CpG oligodeoxynucleotides (CpG-ODN) are being investigated as cancer vaccine adjuvants because they mature plasmacytoid dendritic cells (PDC) into potent antigen-presenting cells. CpG-ODN also induce PDC to secrete chemokines that alter lymphocyte migration. Whether CpG-ODN TLR signals enhance antigen-specific immunity and/or trafficking in humans is unknown.

We conducted a phase I study of CpG-ODN (1018 ISS) given as a vaccine adjuvant with granulocyte-macrophage colony-stimulating factor (GM-CSF) to induce T-cell immunity to a peptide vaccine from the tumor-associated antigen hTERT.

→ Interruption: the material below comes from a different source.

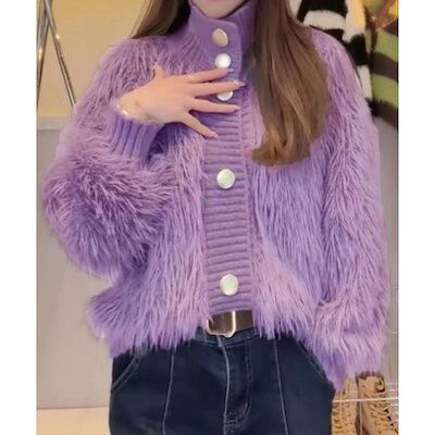 カーディガンレディース セーター 秋冬 厚手ゆったりニットアウター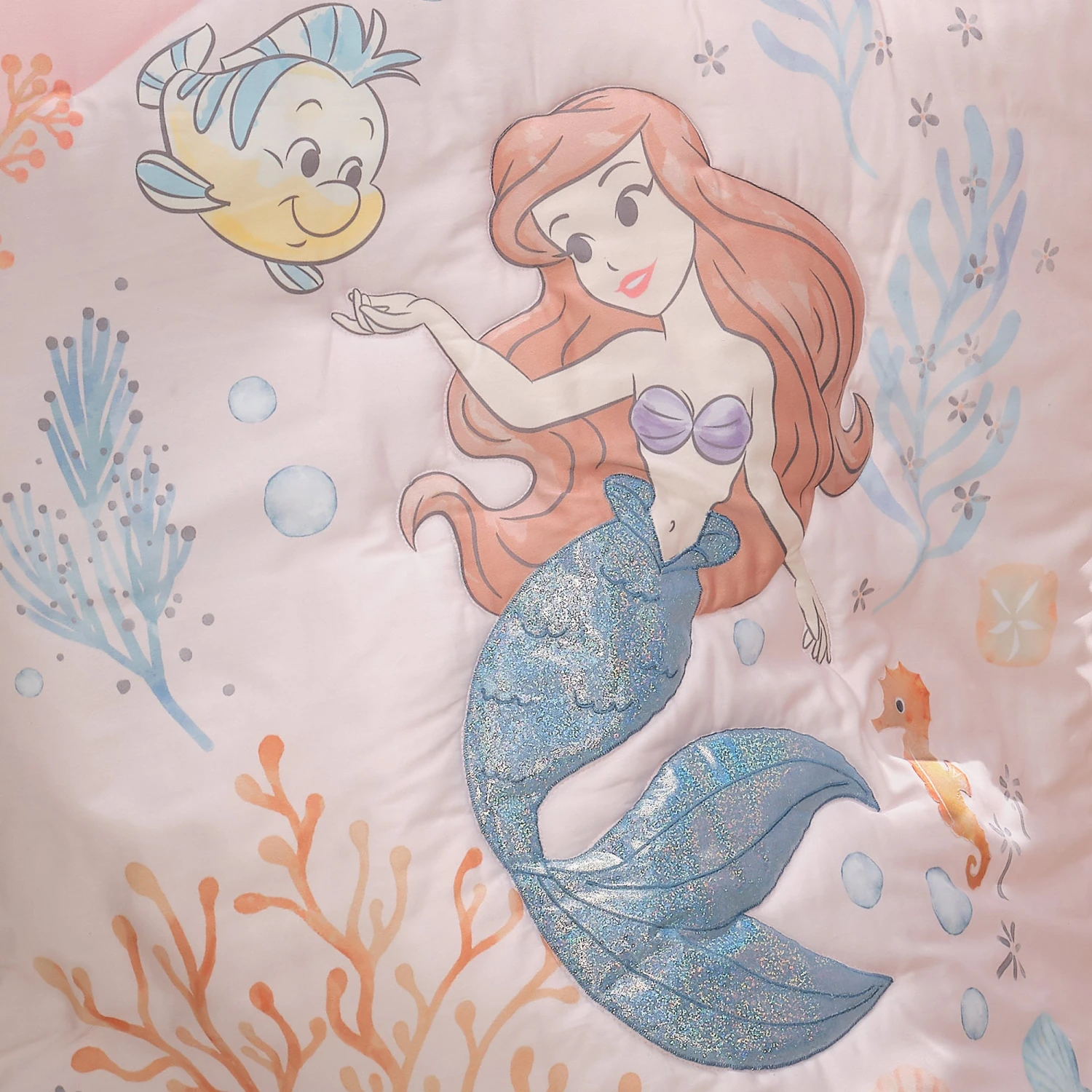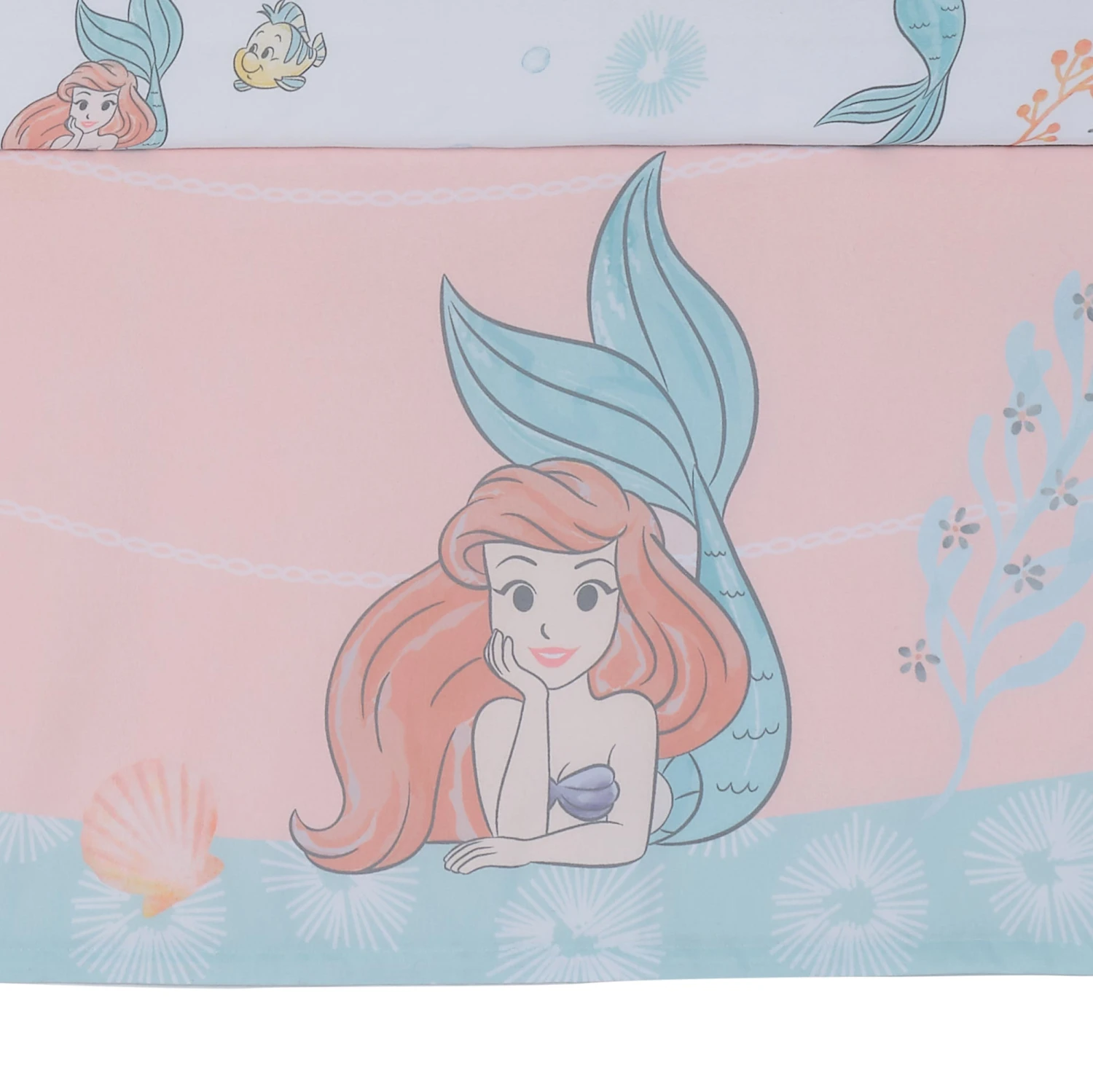 Celebrate the magic of The Little Mermaid with this amazing nursery crib bedding collection. The three-piece baby bedding set includes one quilt, one fitted crib sheet and one crib skirt all beautifully designed in a lovely watercolor palette with soft hues of coral, peach, seafoam, and sky blue. Ariel’s sparkling tail with dyed to match embroidery adds the “wow” to this collection. The quilt is a great way to enjoy tummy time with your little one. The fitted crib sheet features Ariel, Flounder, seahorses, seashells, coral, and bubbles. It is made in soft microfiber that is gentle on baby’s skin. It has elastic all the way around ensuring a safe and secure fit on a standard size crib mattress. The crib skirt adds the finishing touch to your child’s crib. It is a light peach on top and light seafoam on the bottom. The far-right corner features Ariel with her beautiful flowing hair. This collection is the perfect way to add the royal treatment to your little one’s room. SKU: 248003V, UPC: 084122017603.

The adjuvant effect was limited; only 1 of 16 patients showed a high-frequency hTERT-specific tetramer CD8(+) T-cell response. However, CpG-ODN induced marked, transient peripheral blood lymphopenia. Biopsies showed dense lymphocytic infiltration at the vaccine site clustered around activated PDC. In vitro, CpG-ODN-treated PDC induced T-cell migration, showing that CpG-ODN stimulation of human PDC was sufficient to chemoattract T cells.

Our results show that (a) CpG-ODN with GM-CSF may not be an effective adjuvant strategy for hTERT peptide vaccines but (b) GM-CSF/CpG-ODN causes a PDC-mediated chemokine response that recruits T-cell migration to the peripheral tissues. These findings suggest a novel therapeutic role for targeted injections of CpG-ODN to direct lymphocyte migration to specific sites such as the tumor bed.